Arbuscular mycorrhizal fungi-based bioremediation of mercury: insights from zinc and cadmium transporter studies
(2023) Guo, Yaqin; Martin, Konrad; Hrynkiewicz, Katarzyna; Rasche, Frank; Guo, Y.; Faculty of Agricultural Sciences, Institute of Agricultural Sciences in the Tropics (Hans-Ruthenberg-Institute), University of Hohenheim, 70593, Stuttgart, Germany; Martin, K.; Faculty of Agricultural Sciences, Institute of Agricultural Sciences in the Tropics (Hans-Ruthenberg-Institute), University of Hohenheim, 70593, Stuttgart, Germany; Hrynkiewicz, K.; Department of Microbiology, Faculty of Biological and Veterinary Sciences, Nicolaus Copernicus University, 87-100, Torun, Poland; Rasche, F.; Faculty of Agricultural Sciences, Institute of Agricultural Sciences in the Tropics (Hans-Ruthenberg-Institute), University of Hohenheim, 70593, Stuttgart, Germany
Phytoremediation, a sustainable approach for rehabilitating mercury (Hg)-contaminated soils, can be enhanced by arbuscular mycorrhizal (AM) fungi, which promote plant growth and metal uptake, including Hg, in contaminated soils.
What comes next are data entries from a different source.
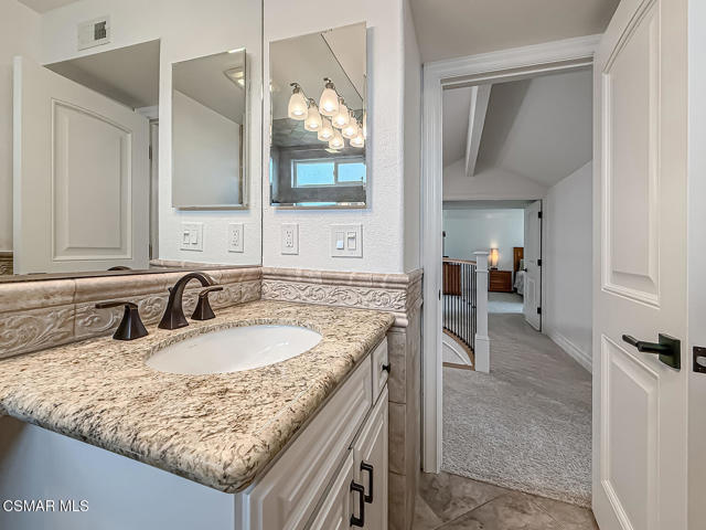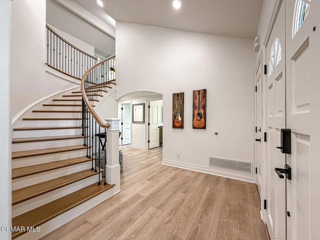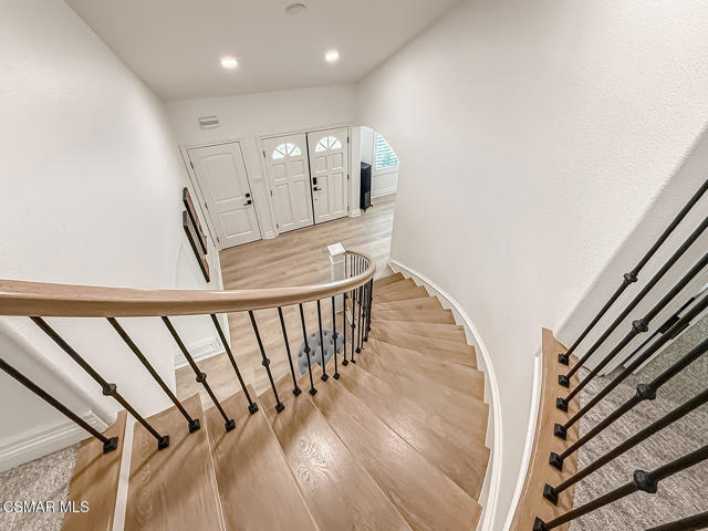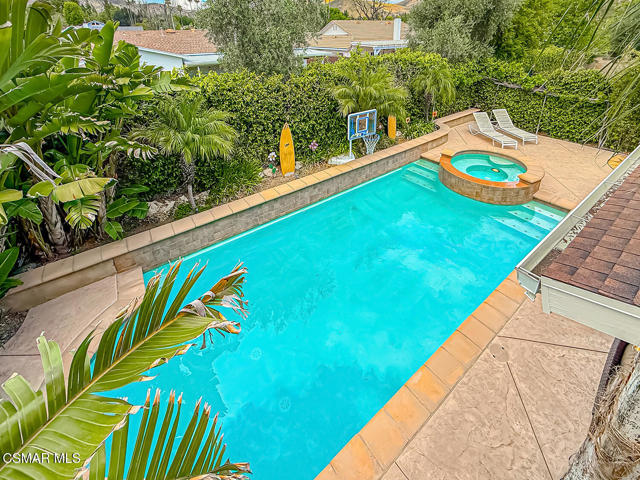 GORGEOUS Upgraded POOL Home with a PRIVATE Backyard Sanctuary in the COVETED Fountainwood neighborhood! Ideally located on a cul-de-sac, this 5 bedroom, 3 bathroom residence offers 2,347 Sq Ft of beautifully upgraded living space with fantastic curb appeal enhanced by a paver-stone driveway and sprawling grass lawns.A multi-colored paver-stone GATED front courtyard welcomes you with charming landscaping and creates an inviting entry to the home. Inside, upgraded double doors introduce the STELLAR ''Tuff Rock'' wood-like flooring found throughout the downstairs while showcasing a GORGEOUS redone staircase featuring solid wrought iron spindles and an upgraded banister. The Living Room serves as a fantastic media or gathering space with plantation shuttered windows overlooking the courtyard, built-in JBL ceiling speakers, crown molding, and upgraded baseboards. The wall between the Living Room and staircase has been EXTENDED to provide an ideal space for an entertainment center.The Family Room is BRIGHT from tall windows and sliding glass doors overlooking the backyard and features motorized window treatments, built-in JBL ceiling speakers, and a HANDSOME fireplace with grand stone hearth and mantle. The Kitchen has been NEWLY & COMPLETELY remodeled to showcase gorgeous Quartzite countertops, high-end ''Andrews Fine Cabinets and Millworks'' soft-close cabinetry and extra-deep drawers, a LONG quartzite-topped center island with breakfast bar seating, pantry with pull-out shelving, and stainless-steel appliances including an LG 5-burner gas range, LG built-in microwave, and a Kraus sink beneath windows with motorized shades. The Dining Room has been OPENED to the Kitchen to create a seamless flow from Living Room to Kitchen and enjoys recessed lighting and sliding glass doors with motorized window treatments.A roomy Downstairs Bedroom features high-end 1.75'' double doors, sliding glass doors to the side yard, step-in closet, ceiling fan, and a continuation of the upgraded flooring. The neighboring Downstairs Bathroom has been upgraded with ceramic tile flooring, granite-topped vanity, and a REDONE shower with frameless glass doors.Upstairs, NEW plush carpet runs throughout the hallway and bedrooms. Three Secondary Bedrooms offer generous space with mirrored wardrobe closets, plantation shuttered windows, and ceiling fans. The Primary Suite is a TRUE retreat featuring new carpet, a DEEP walk-in closet with double doors, and sliding glass doors to a private balcony overlooking the backyard. The Primary Bathroom includes a granite-topped vanity, ceramic tile flooring, and a separate water room with a REDONE shower matching the downstairs bath.The backyard is a COMPLETELY PRIVATE oasis framed by tropical vegetation and highlighted by a glimmering pool and spa, stamped colored concrete patios, and a high-quality patio cover with skylights and ceiling fans. Grape vines, bamboo, and banana trees create a lush, vacation-like setting. A wide side yard with flagstone surfacing adds additional outdoor space.A directly accessible 3-car garage is currently configured as a music studio but may be easily converted back to a garage and offers finished walls, painted ceilings, carpet flooring, and extensive rafter storage accessed via a pull-down staircase.Additional highlights include gorgeous upgraded 1.75'' interior doors, dual-paned windows throughout, modern hidden tilt-rod plantation shutters, upgraded crown molding and baseboards, and a newer furnace.Located near fantastic hiking trails, award-winning schools and close to Mae Boyar Park, Brookside Elementary, Sumac Elementary, and shopping center.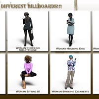 There are also great scripts to make these billboards easy to use! There is one script to turn the billboards to face the camera and another script to change billboard figure angle based on horizontal and vertical orientation. Finally, there is a script that pushes your billboard directly away from your camera view or pulls it towards you.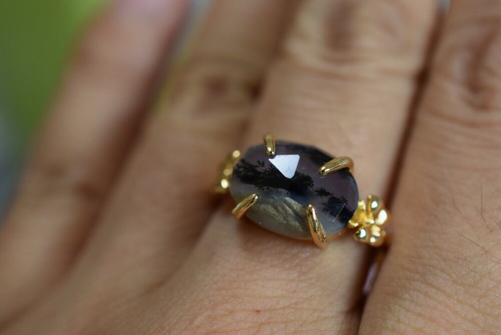 RG23-29 宝石質 半貴石 大粒 天然 ペルーオパール ローズカット 蝶々 リング フリーサイズ 金属アレルギー対応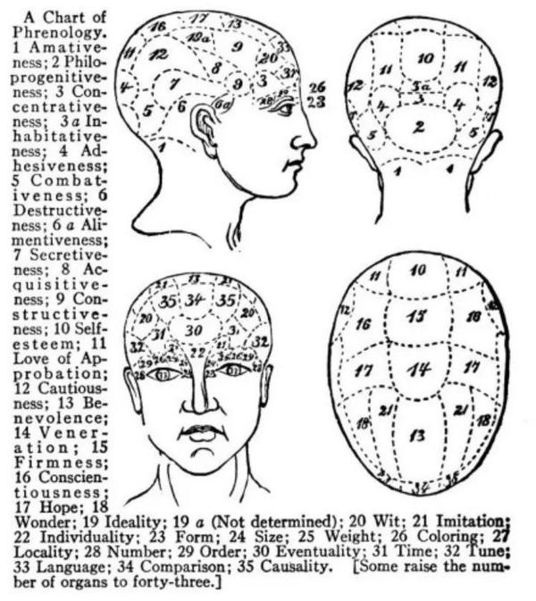 出自:19 世纪,颅相学(脑功能定位学说--法国解剖学家加尔和施普茨海姆共同创立)。

Hg, despite lacking a biological function in plants, can be absorbed and translocated using Zn and/or Cd transporters, as these elements belong to the same group in the periodic table (12/2B). In fact, the specific transporters of Hg in plant roots remain unknown. This study is therefore to provide fundamental insights into the prospect to remediate Hg-contaminated soils, with a focus on the role of AM fungi. The hypothesis posits that Hg uptake in plants may be facilitated by transporters responsible for Zn/Cd, affected by AM fungi. The Scopus database was used to collect studies between 2000 and 2022 with a focus on the ecological role of AM fungi in environments contaminated with Zn and Cd. Particular emphasis was laid on the molecular mechanisms involved in metal uptake and partitioning. The study revealed that AM fungi indeed regulated Zn and/or Cd transporters, influencing Zn and/or Cd uptake in plants. However, these effects vary significantly based on environmental factors, such as plant and AM fungi species and soil conditions (e.g., pH, phosphorus levels). Given the limited understanding of Hg remediation, insights gained from Zn and Cd transporter systems can guide future Hg research. In conclusion, this study underscores the importance of considering environmental factors and provides fundamental insights into the potential of Hg phytoremediation with the assistance of AM fungi.